The Dead Internet Theory is no longer a theory. As of 2024, automated systems account for 51% of all web traffic, AI-generated content appears in 74% of newly published web pages, and AI-written articles have surpassed human-written work in volume. The internet is still online—but the humans who once filled it are increasingly outnumbered.
What Is the Dead Internet Theory?
The Dead Internet Theory posits that most online content—social media posts, forum replies, comment sections, blog articles—is generated by bots and AI systems rather than real people, with authentic human interaction having been quietly displaced. What was originally a fringe conspiracy now maps neatly onto measurable infrastructure trends.
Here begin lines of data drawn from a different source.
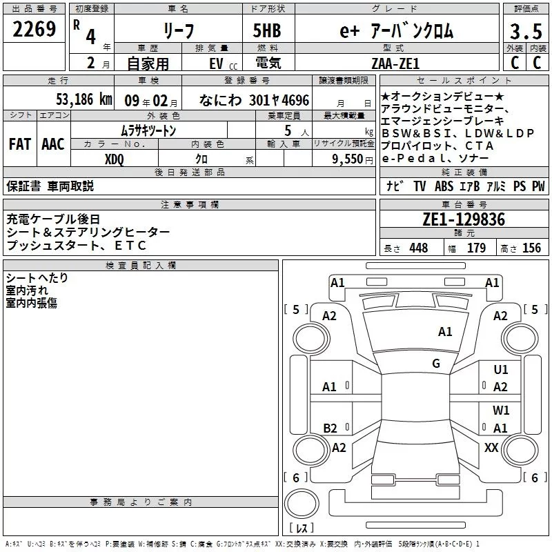 Nissan LEAF с аукциона Японии TAA Kinki лот № 2269
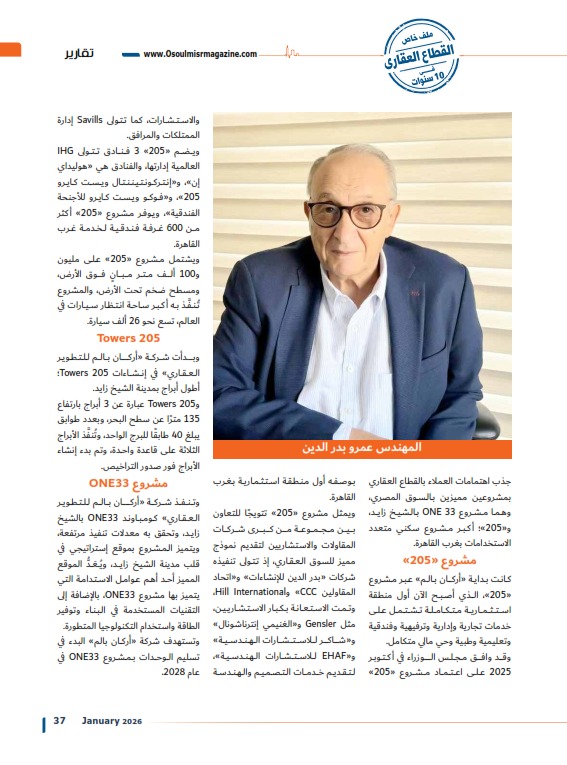 وتواصل شركة «أركان بالم للتطوير العقاري» التابعة لمجموعة «بدر الدين» جذب اهتمامات العملاء بالقطاع العقاري بمشروعين مميزين بالسوق المصري، وهما مشروع ONE 33 بالشيخ زايد، و«205»؛ أكبر مشروع سكني متعدد الاستخدامات بغرب القاهرة.
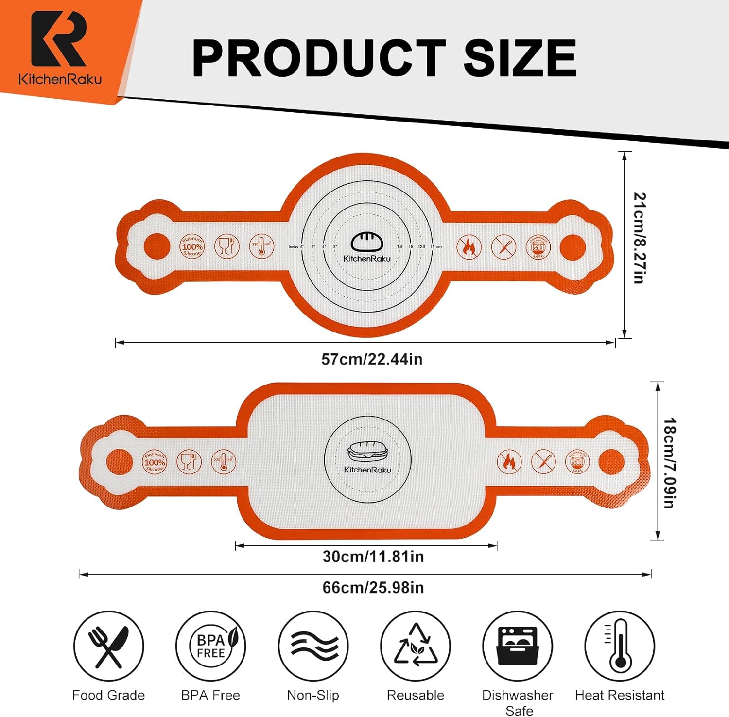 - 【Premium Platinum Silicone Baking Sling】Our Silicone baking mat is crafted from premium platinum food-grade silicone and reinforced fiberglass, withstanding up to 500°F heat while resisting color change or odors. Fully vulcanized for longevity, it outperforms ordinary mats, ensuring reliable use bake after bake.
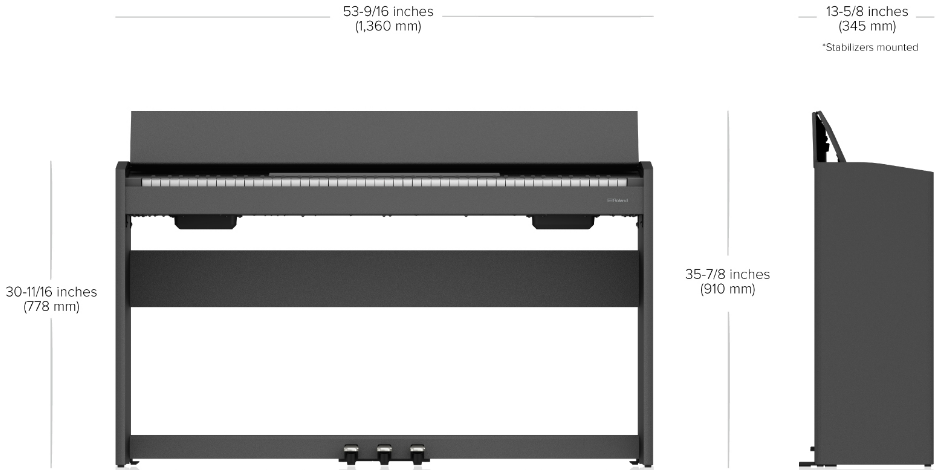 Dimensiones Piano digital Roland F107 BKX: 1360 (Ancho) x 345 (Profundidad) x 910 (Alto) mm
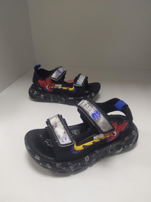 Спортивні босоніжки, сандалі для хлопчика. Обсяг регулюється липучками. Легкі, зручні. Чудова якість! Розміри: Устілка від краю до краю: 26р. 17см. Немає 27р..17.5см. Немає 27р. 18см. Немає 29р. 18.5см. Немає 30р. 19см. Немає 31р. 20см. Пересилаю: Новою поштою. Затишшя. Самовитяг: г Вишгород, магазин СтильНяшки.
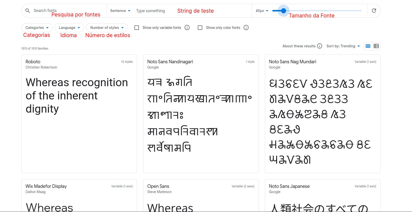 O Google Fonts é um site de fontes do Google que pode ser acesso através do link fonts.google.com. Uma vez que você esteja no site, você pode começar a buscar por uma fonte que lhe agrade entre as fontes disponíveis. É possível fazer uma busca no site filtrando pelo nome da fonte, categorias, idioma, número de estilos da fonte e é possível visualizar a fonte em diferentes tamanhos e com uma string de teste específica.
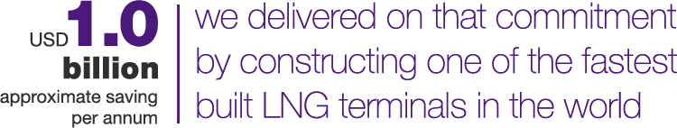 The year 2014 was a year of execution for Engro. Last year we had communicated our resolve to apply our engineering and management capabilities to develop short, medium and long term solutions for the debilitating energy crisis. This year we delivered on that commitment by constructing the fastest LNG terminal in the world – an engineering feat that speaks volumes of our ability and our willingness to identify with national challenges and help resolve them. The LNG terminal – built at a cost of USD 135 million – has a regasification capacity of up to 600mmcfd and would lead to a savings of approximately USD 1.0 billion per annum to the national exchequer.
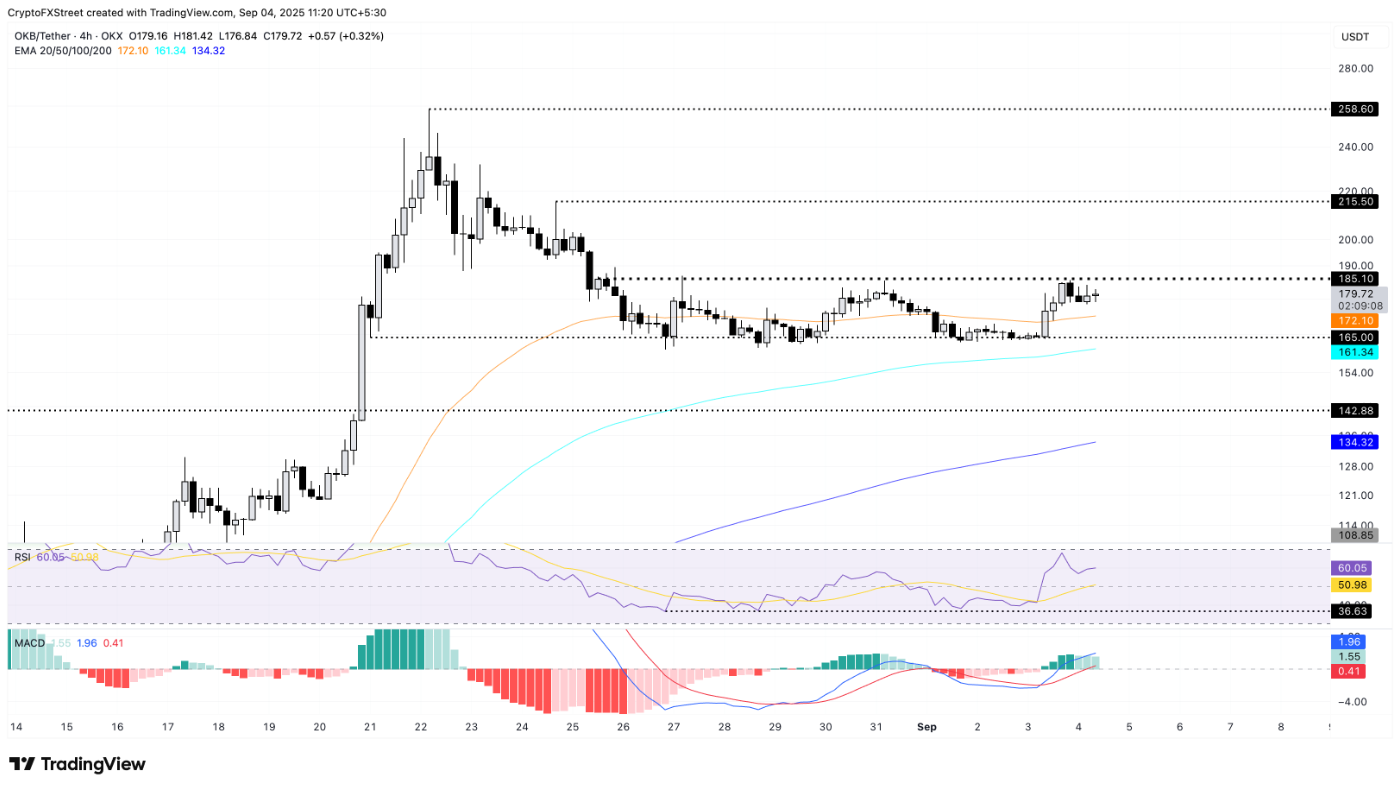 Trên khung 4 giờ, OKB đang tiến sát ngưỡng trên của phạm vi tích lũy kéo dài trong biên độ 165 – 185 USD. Pha bật mạnh từ mốc 165 USD giúp giá duy trì trên đường EMA 50 kỳ tại 172 USD, củng cố nền tảng cho xu hướng đi lên.

The theory’s canonical form appeared in a 2021 post on Agora Road’s Macintosh Cafe by a user called “IlluminatiPirate,” who argued that the internet had been overtaken by automated content since approximately 2016–2017. At the time, the claim was treated as paranoid speculation. Enthusiasts circulated the manifesto across subreddits and tech forums, but it remained on the outer edges of discourse.
By 2025, it had moved to the center. Linguist Adam Aleksic, speaking to Time, stated that the theory “used to be a lunatic fringe conspiracy theory, but it’s looking a lot more real.” A February 2025 academic survey published in the Asian Journal of Research in Computer Science formally examined the theory’s claims, concluding that the “commodification of content consumption for revenue has taken precedence over meaningful human connectivity.”1
The Numbers Don’t Lie
Three data points define the current state of the internet’s authenticity crisis.
Automated traffic has crossed 51%. Imperva’s 2025 Bad Bot Report—based on analysis of trillions of requests across thousands of domains—found that for the first time in a decade, automated traffic (bots, scrapers, AI agents) exceeded human traffic, accounting for 51% of all web traffic in 2024.2 Bad bots specifically—those designed for scraping, fraud, and manipulation—now account for 37% of all traffic, up from just over 30% in 2023. The report attributes the acceleration largely to generative AI making bot development accessible without technical expertise.
74% of new web pages contain AI-generated content. Ahrefs analyzed 900,000 newly published web pages in April 2025 using AI content detection tools and found that 74.2% contained AI-generated content.3 Only 2.5% were classified as “pure AI” with no human editing, while 71.7% represented human-AI hybrid work. Among 879 content marketers surveyed in the same study, 87% admitted using AI to create or assist in content creation.
AI-written articles have overtaken human-written ones in volume. Analytics firm Graphite reported that AI-generated articles surpassed human-written work in total volume for the first time in late 2024. Google’s response—serving AI-generated summaries via AI Overviews rather than linking to sources—has created a feedback loop where AI content generates AI summaries that further displace human publishers.
| Metric | Stat | Source | Year |
|---|---|---|---|
| Automated web traffic share | 51% | Imperva Bad Bot Report | 2025 |
| Bad bot traffic share | 37% | Imperva Bad Bot Report | 2025 |
| New web pages with AI content | 74.2% | Ahrefs (900k page study) | 2025 |
| Content marketers using AI | 87% | Ahrefs survey | 2025 |
| Google traffic decline (global publishers) | -33% YoY | Press Gazette / Chartbeat | 2025 |
| Google traffic decline (US publishers) | -38% YoY | Press Gazette / Chartbeat | 2025 |
| Expected publisher traffic drop by 2029 | -43% | Search Engine Land | 2025 |
How AI Content Took Over
The mechanism isn’t nefarious actors in basements. It’s economics.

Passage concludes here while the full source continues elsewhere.